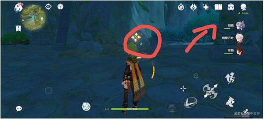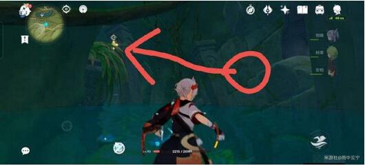 跟着仙灵走我们会在水中游一会,然后在下图位置等一下体力
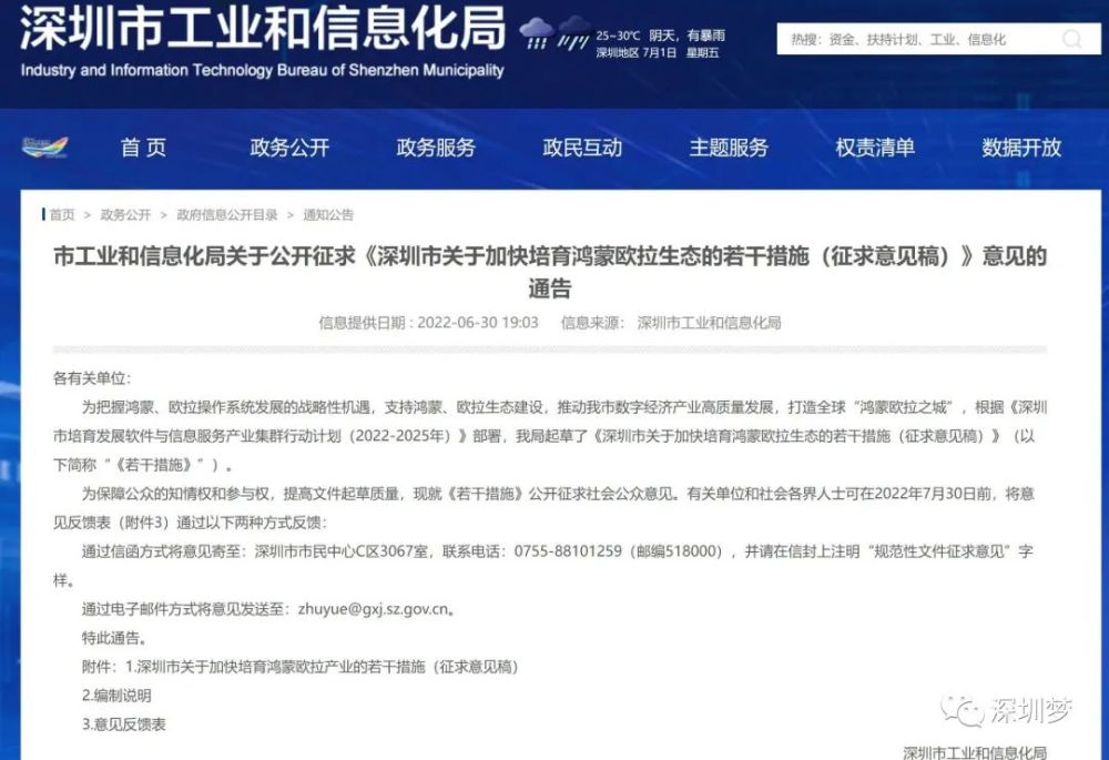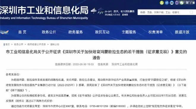6 月 30 日, 深圳工业资料局(简称“深圳工信局”)在官网发布了关于公开征求深圳关于加快红门欧拉生态系统的培育若干措施 (征求意见稿)》(以下简称“《若干措施》”)意见的通告。
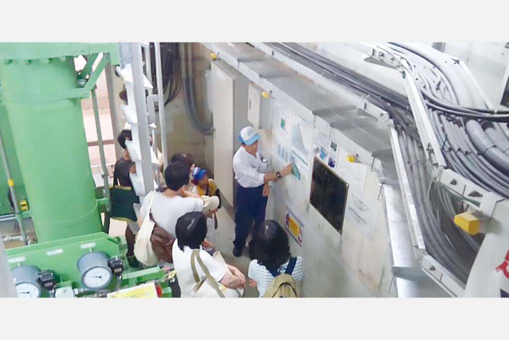 能勢電鉄・山下駅から一庫ダム下流広場まで約2kmのウォーキングの後、ダム職員にレクチャーを受けながらダム内部を見学。普段は入る事のできない場所を見られるチャンス!
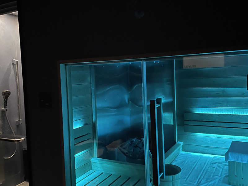 サウナ付きの部屋に泊まってみました。レイアウトはサ室を中心です、ロウリュできます、バスタブは無くシャワーで、部屋テレビは省略?オロポ冷やす冷蔵庫はある!整いスペースもコンパクトながら有ります、この部屋特権で営業時間中CAVESPAを水着着用でサ室も、プール滝シャワーや屋外スペース自由出入り
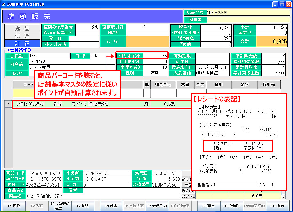 ポイント管理を行うには、会員登録、店舗基本マスタのポイント設定が必要です。
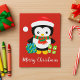 Envoyez une joie de vacances qui fond les coeurs avec cette adorable carte de Noël avec un pingouin gai dans un chapeau de Père Noël, emballé dans un foulard coloré et tenant des cadeaux emballés. Contre un arrière - plan rouge audacieux avec un élégant script "Joyeux Noël", cette carte est parfaite pour les enfants, les familles, les enseignants, les collègues et toute personne qui aime la joie fantasque et hivernale. Que vous soyez en train de répandre des sourires à des voisins ou d'ajouter une carte mignonne à un sac cadeau, ce design est sûr d'offrir des souhaits chauds de la façon la plus courtoise possible! Design de pingouin : par Prettygrafik Design (https://www.etsy.com/shop/Prettygrafikdesign)
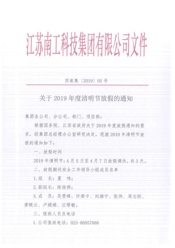 關(guān)于2019年度清明節(jié)放假的通知
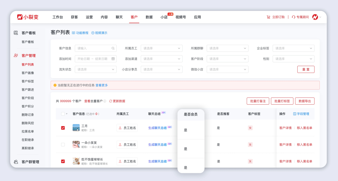 小裂变客户阶段再升级,帮助品牌商家做好私域客户全生命周期管理,让客户阶段标记更精准、销售跟进更清晰、团队管理更高效。
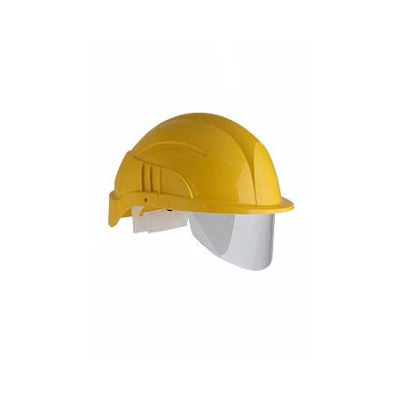 Hełm ochronny VISION z uchylną osłoną twarzy (poliwęglanowa krótka) chowaną pod skorupę hełmu. Zakres regulacji za pomocą paska dopasowujący hełm do obwodu głowy od 51 do 63 cm. Dane techniczne: masa 460 g; zakres temperatur, w których hełm może być użytkowany: - 40°C do + 50°C; elektroizolacyjność 1000 Vac; odporność na odkształcenia boczne i odpryski stopionego metalu. Osłona oczu wykonana z poliwęglanu zgodnie z normą PN-EN 166. Zgodność z normą: PN-EN 397.
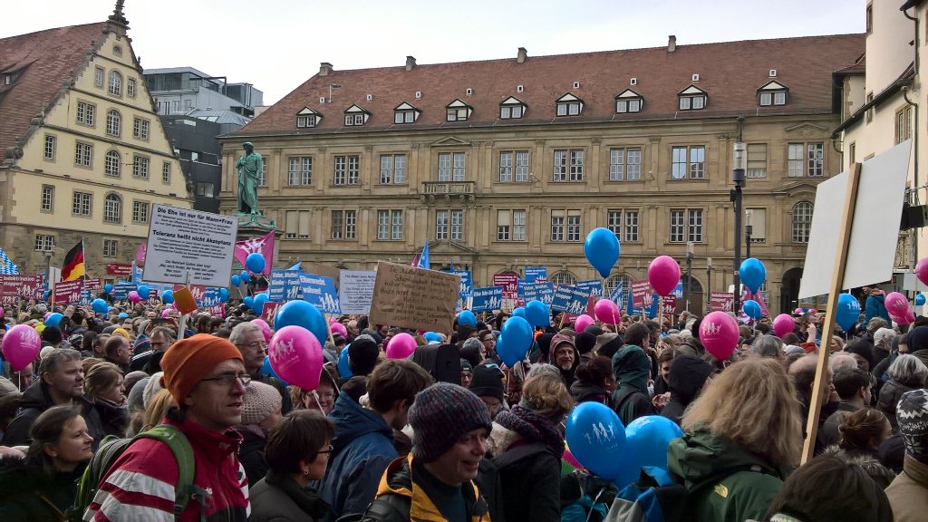 4,5 ათასი ადამიანი შეიკრიბა შტუტგარდის ცენტრალურ მოედანზე – დევიზით: „შეაჩერეთ ჩვენი ბავშვების გენდერული იდეოლოგიზირება და სექსუალიზაცია”.
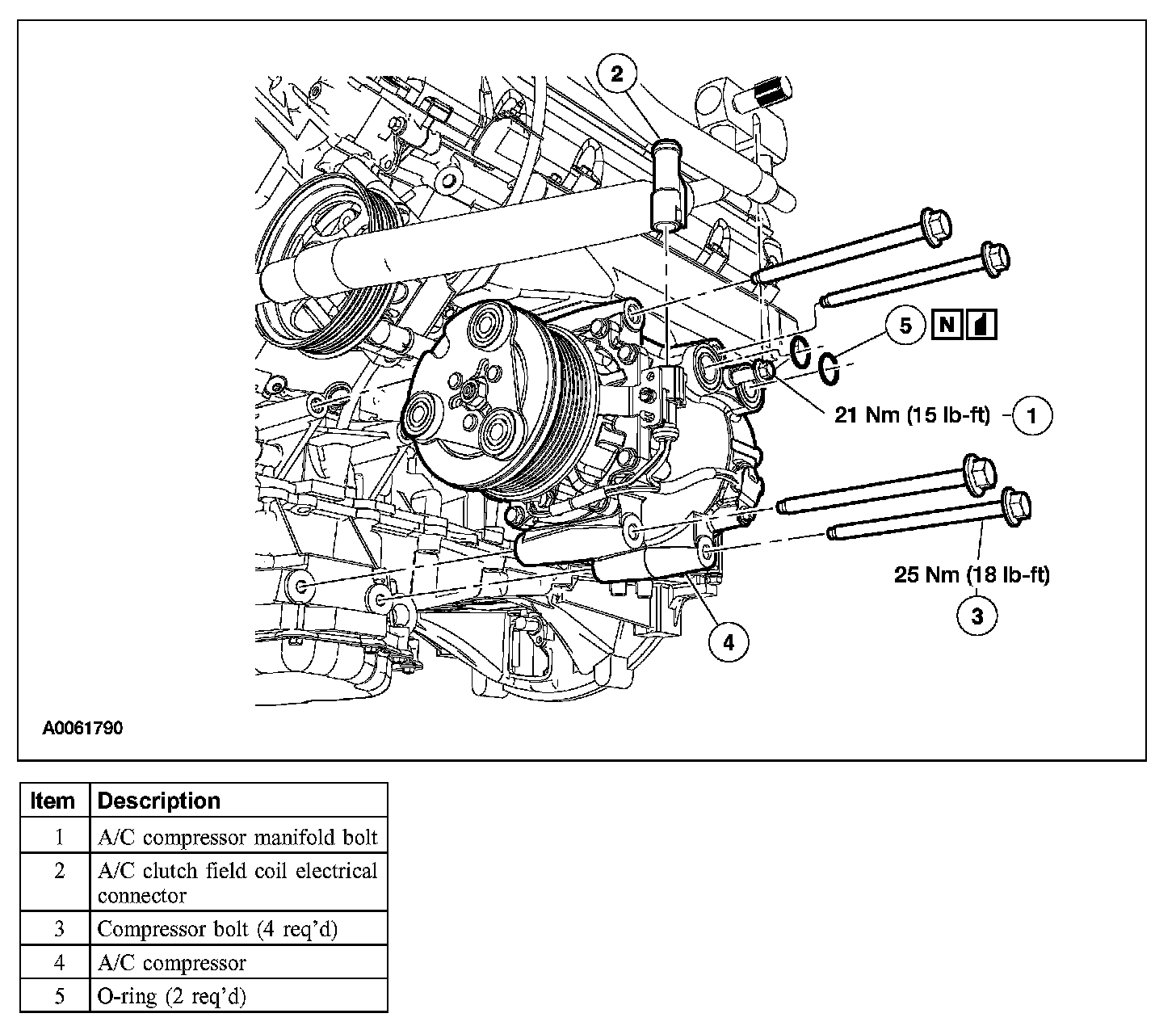 - New O-ring seals, lubricated in clean PAG oil, must be installed before reconnecting any A/C fitting that has been disconnected.
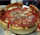 Green and red peppers, ricotta cheese and mozzarella cheese, ham, mushrooms, pepperoni, bacon, sausage, ground beef, tomatoes, red onions, black olives and tomato sauce.
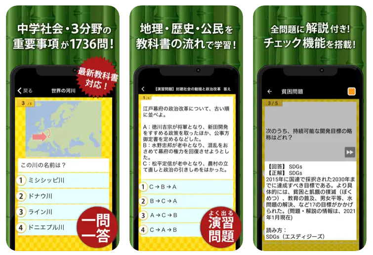 アプリ『中学社会 地理・歴史・公民』は、中学生の社会の範囲を網羅した一問一答型の問題集アプリです。
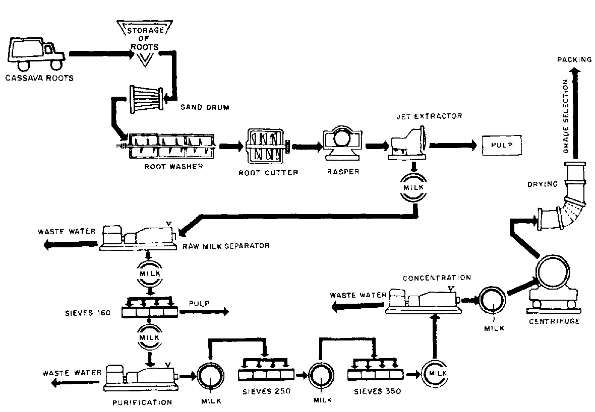 A limited quantity of the cassava imported into Europe in the form of chips and dried sliced roots is manufactured into starch. The dried roots are cleaned, washed and grated and the starch is separated by cylindrical sieves; however, this practice is costly and the starch produced is of inferior quality for the following reasons:
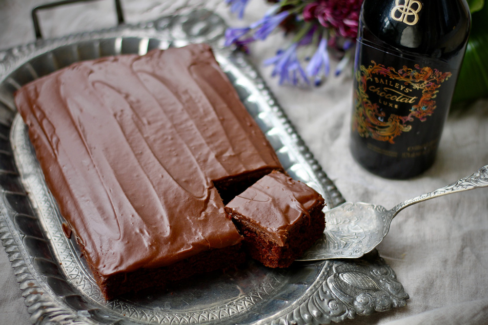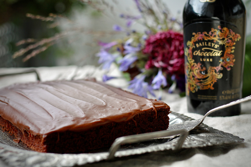 Lopputulos oli ihanan mehevä (varsinkin seuraavana päivänä!) ja Baileys antoi kivan säväyksen. Kuvan tarjotinta varten leikkasin sopivan palan ja kuorrutin palan vasta tarjottimen päällä.
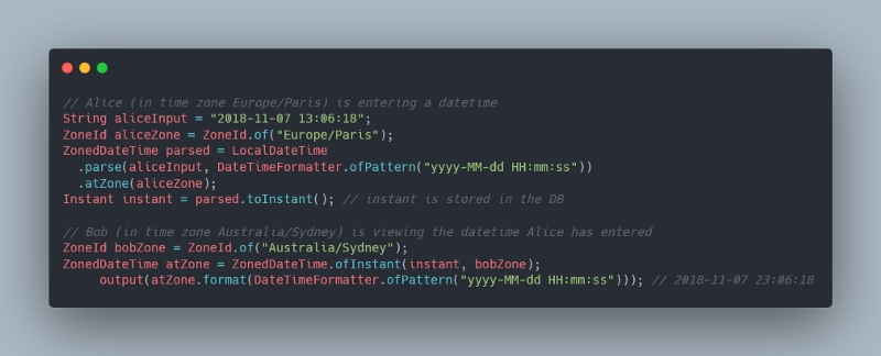 Remember Rule #1 about timestamps? You should only use a UTC timestamp for saving. The Java API provides an Instant
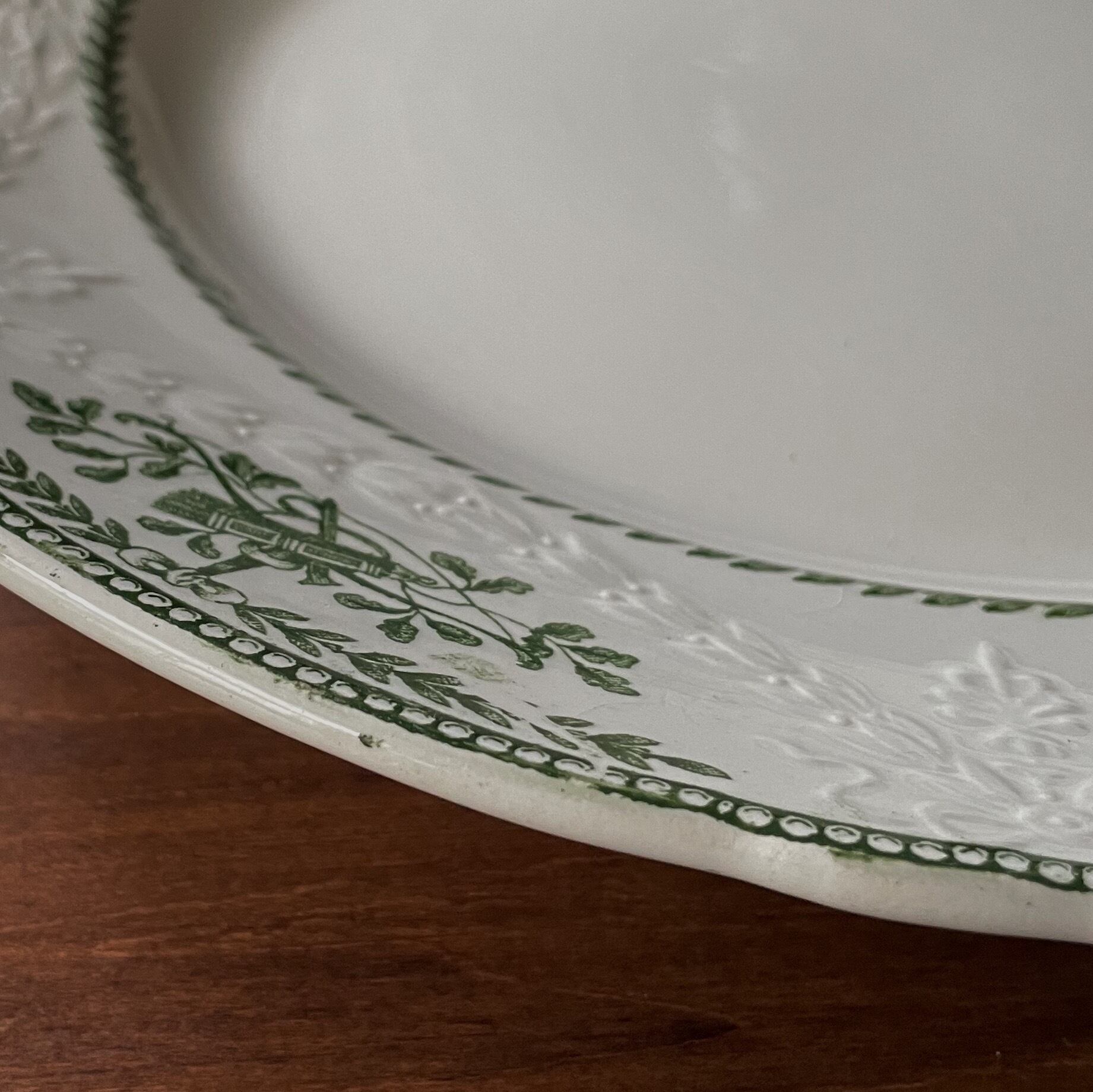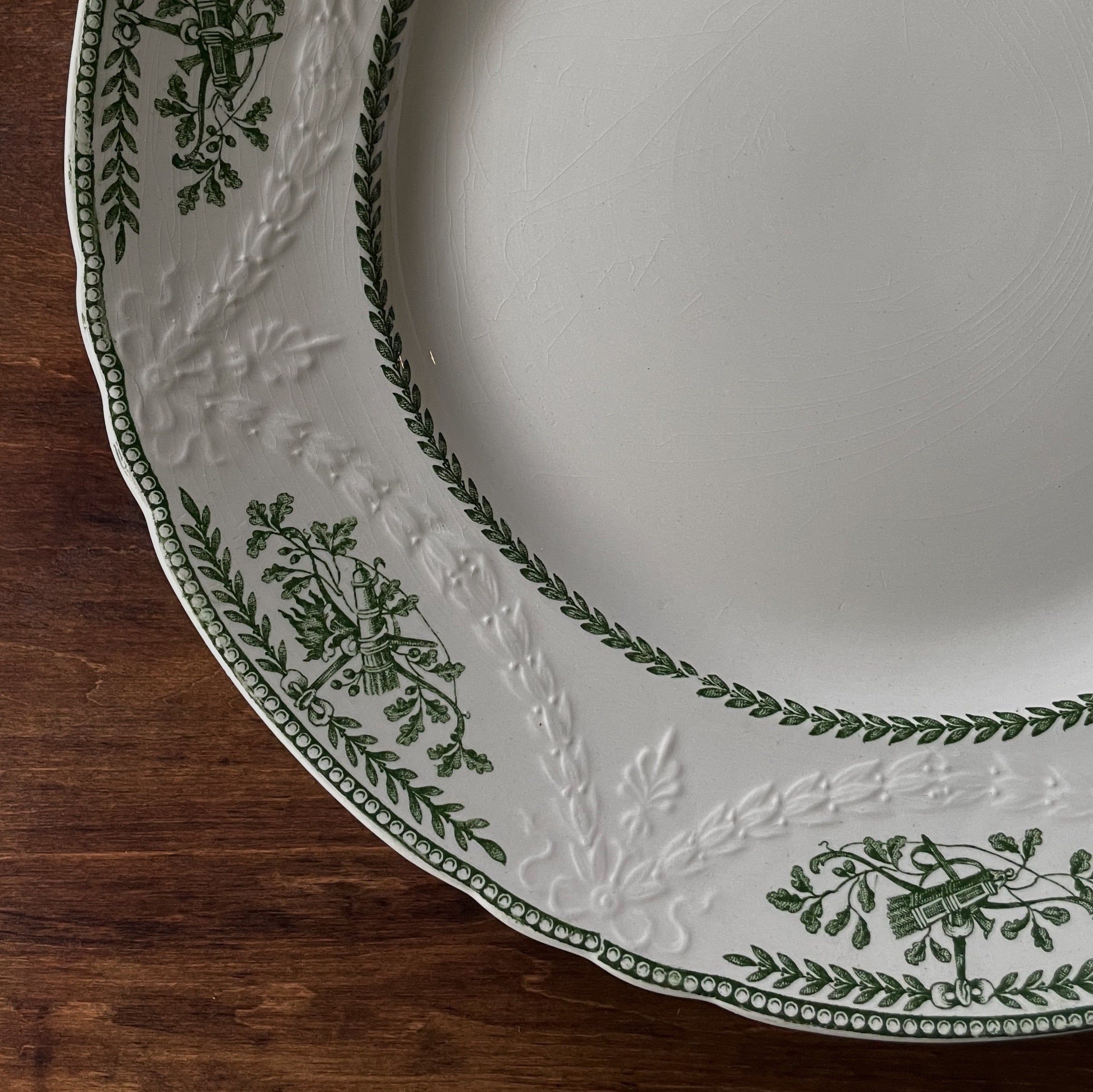 リムに広がる美しいレリーフとグリーンの絵柄

## [Task item]
Begin at the first line of the data above and repeat each line exactly, stopping after the line containing "ポイント管理を行うには、会員登録、店舗基本マスタのポイント設定が必要です。". Omit the pictures.

## [Solution below]
 跟着仙灵走我们会在水中游一会,然后在下图位置等一下体力
6 月 30 日, 深圳工业资料局(简称“深圳工信局”)在官网发布了关于公开征求深圳关于加快红门欧拉生态系统的培育若干措施 (征求意见稿)》(以下简称“《若干措施》”)意见的通告。
 能勢電鉄・山下駅から一庫ダム下流広場まで約2kmのウォーキングの後、ダム職員にレクチャーを受けながらダム内部を見学。普段は入る事のできない場所を見られるチャンス!
 サウナ付きの部屋に泊まってみました。レイアウトはサ室を中心です、ロウリュできます、バスタブは無くシャワーで、部屋テレビは省略?オロポ冷やす冷蔵庫はある!整いスペースもコンパクトながら有ります、この部屋特権で営業時間中CAVESPAを水着着用でサ室も、プール滝シャワーや屋外スペース自由出入り
 ポイント管理を行うには、会員登録、店舗基本マスタのポイント設定が必要です。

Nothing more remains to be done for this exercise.